And by "look too hard" we are implying "never question the assertions being made"?
But if you accept that “generalization is language”
I don't. I avoid "accepting" things that make claims to be sound and rigorous but make no attempt to actually be such.
Language is generalization is cognition.
Wow! We solved AGI and brain science? Man, I am way behind.
in an infintiely-composable way
Infinite composition! It's composition all the way down, folks. Cuz, Chomsky said so.
Of course, then we tie in these absolute insane conclusions and claims into a working paper that comes nowhere close to proving or validating our written claims but is too difficult for the average reader to understand or care that it does not do that.
ML "research" is coming everyday closer and closer to pure snake-oil salesmen-esque clickbait.
I don’t mean to suggest that they are ready today for solving ML once and for all
See! We were not getting carried away at all. Just ignore all the rambling. We are reasonable researchers.

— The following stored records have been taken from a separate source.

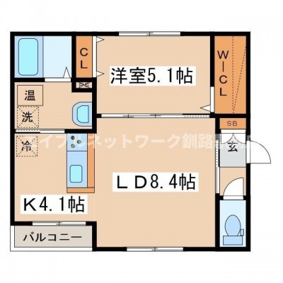 1LDK(42.66m²)└ LD8.4帖 K4.1帖 洋室5.1帖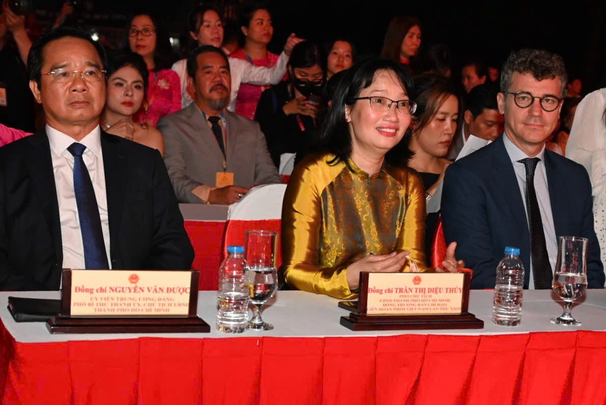 Ông Nguyễn Văn Được - Chủ tịch UBND TP.HCM, bà Trần Thị Diệu Thúy- Phó Chủ tịch UBND TP.HCM và ông Jonathan Baker- Trưởng Đại diện Văn phòng UNESCO tại Việt Nam tại Lễ khai mạc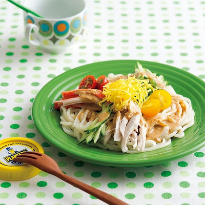 うどんを表示どおりにゆで、冷水でひやして水けをきる。器に盛って1の具材と錦糸卵をのせ、2のたれをかける。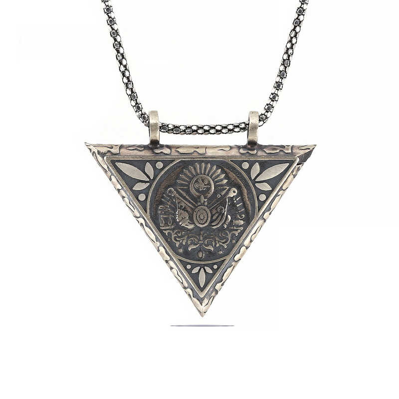 Silver Triangle Openable Ottoman Coat of Arms Amulet Necklace The State Coat of Arms of the Ottoman Empire was prepared for the Ottoman Empire in the 19th century. Before that, the tughras of the sultans served as state decorations. The final version of the Ottoman decoration was enacted by Sultan Abdulhamid II in 1882. There are two flags inside the Ottoman State Decoration. The flag with the crescent and star on a red field symbolizes the Ottoman Dynasty, while the flag on the green field symbolizes the Islamic caliphate. The scales represent Ottoman justice, and the books on the scales represent the Ottoman laws and the Quran, which are the source of justice. The necklace created with this spirituality is made of 925 sterling silver. The necklace is oxidized. Like other silver necklaces, the silver Ottoman Arms amulet necklace is entirely handmade. Due to silver and precious stones, there may be ± 10% deviation from the average product weight. Product Length: 4.00 cm. Product Width: 4.50 cm. Chain Length: 55.00 cm. Average Weight: 20.35 gr.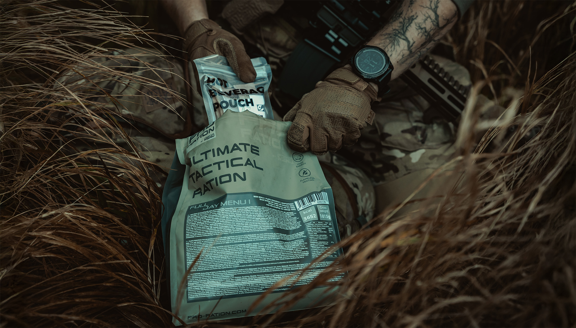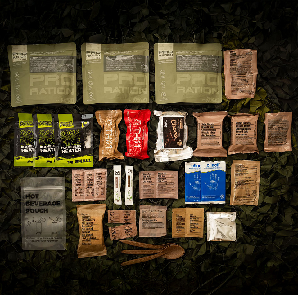 A complete 24-hour food ration. Three main meals, a varied selection of energy and protein bars, sweet and savory snacks, coffee, tea, and other practical essentials. Plus a flameless heating system — all packed in a compact, durable format designed to withstand harsh conditions and demanding days. Made from 100% natural ingredients, with no additives — just honest, real flavor.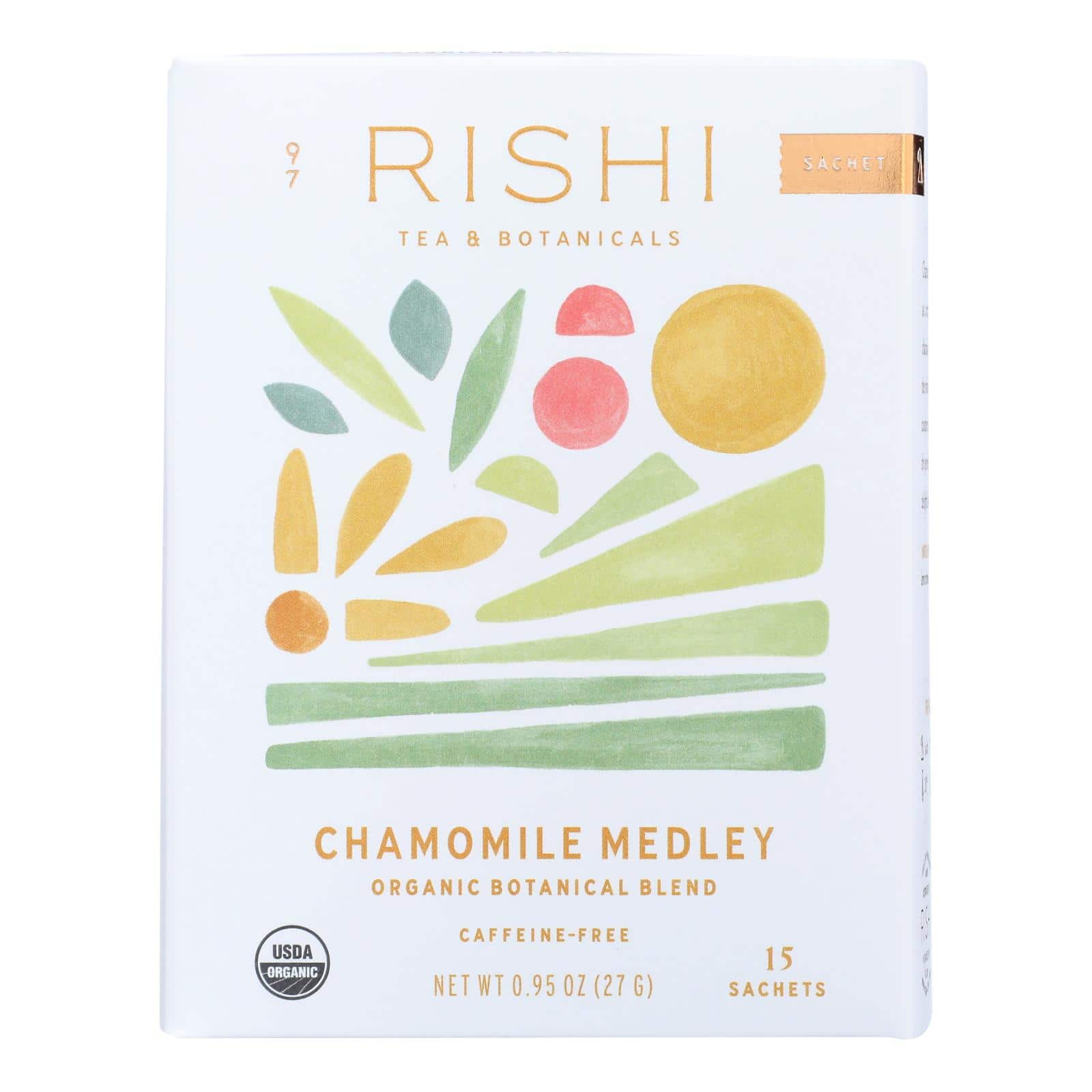 RISHI TEA RETAIL SACHET, CHAMOMILE MEDLEY IS ORGANIC HERBAL TEA THAT OFFERS A HONEY-LIKE SWEETNESS WITH SUBTLE, SOOTHING COUNTERPOINTS OF CITRUS-SCENTED HERBS. EACH BOX OF 15 BAGS IS MADE WITH IMPORTED CHAMOMILE FROM EASTERN EUROPE AND IS CERTIFIED USDA ORGANIC, NON-GMO AND KOSHER. THIS CAFFEINE-FREE BLEND IS INFUSED WITH LEMONGRASS, LEMON VERBENA AND SPEARMINT.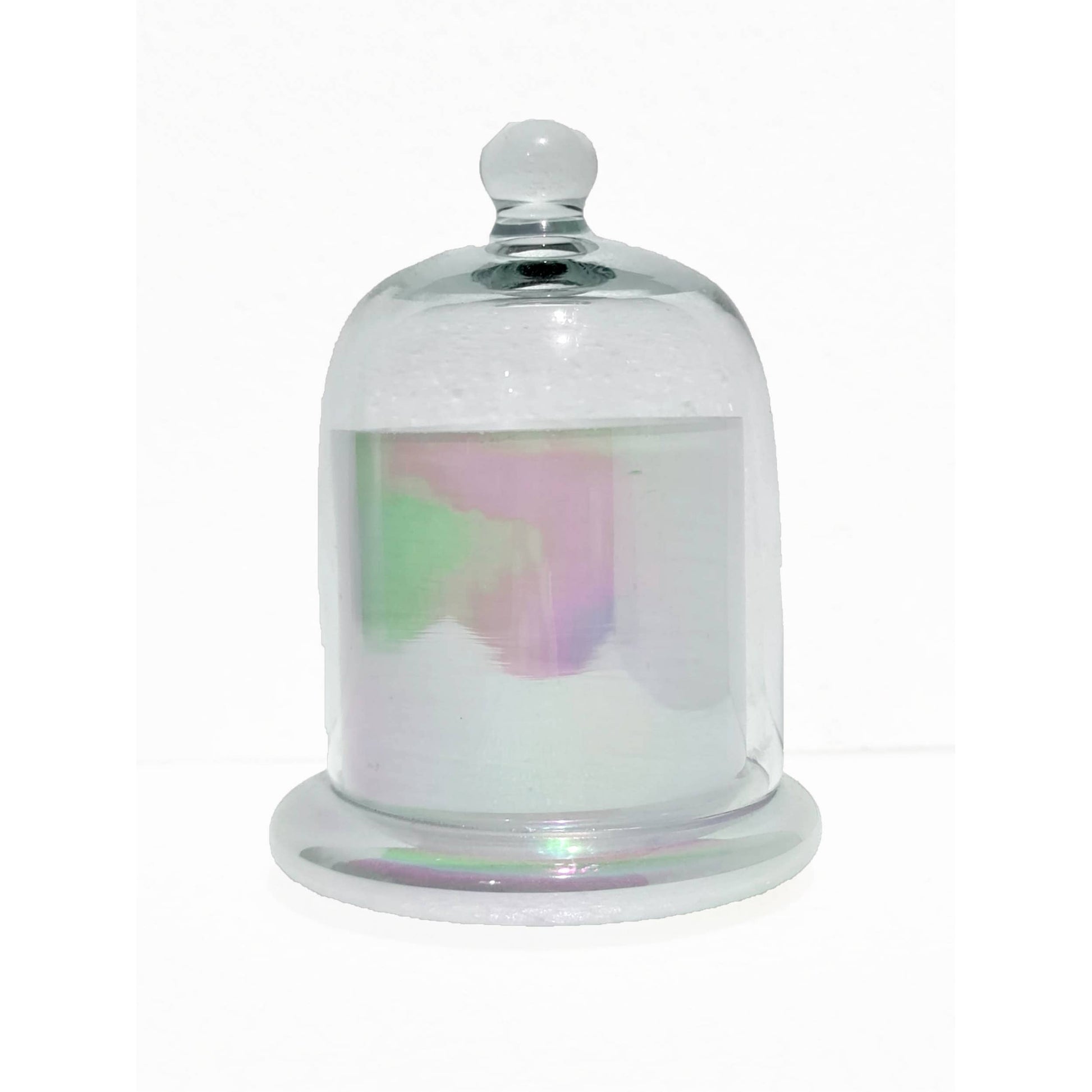 Experience the fusion of functionality and style with the 7 in. White Glass Jar With Cloche. This elegant canister, an excellent addition to your kitchen or dining area, serves as a versatile storage solution while adding a touch of sophistication to your space. The white color of the glass jar enhances its appeal, and the cloche adds a classic touch while protecting the contents.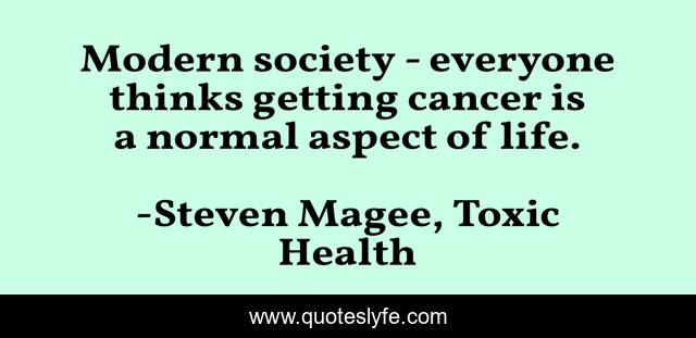 This page presents the quote "Modern society - everyone thinks getting cancer is a normal aspect of life.". Author of this quote is Steven Magee, Toxic Health. This quote is about life, everyone, aspect, cancer, getting, modern, society, normal, thinks,.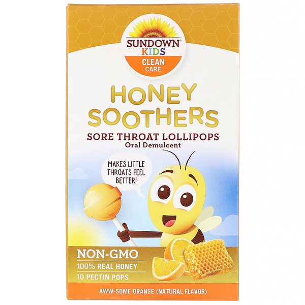 Sundown Naturals Kids, ハニースーザー、ソアスロートロリポップ、オーサムオレンジ、10個

But, we still continue to make crazy claims without any substance or backing such as:
The structure of language is the structure of generalization.
What does that even mean?
Chomsky has a lot more to say ...
No, he doesn't. Almost 100% of everything that Chomsky has ever said or devised is amateurishly worthless.
humans are born with some ability to generalize, even if what they are generalizing is their learning ability.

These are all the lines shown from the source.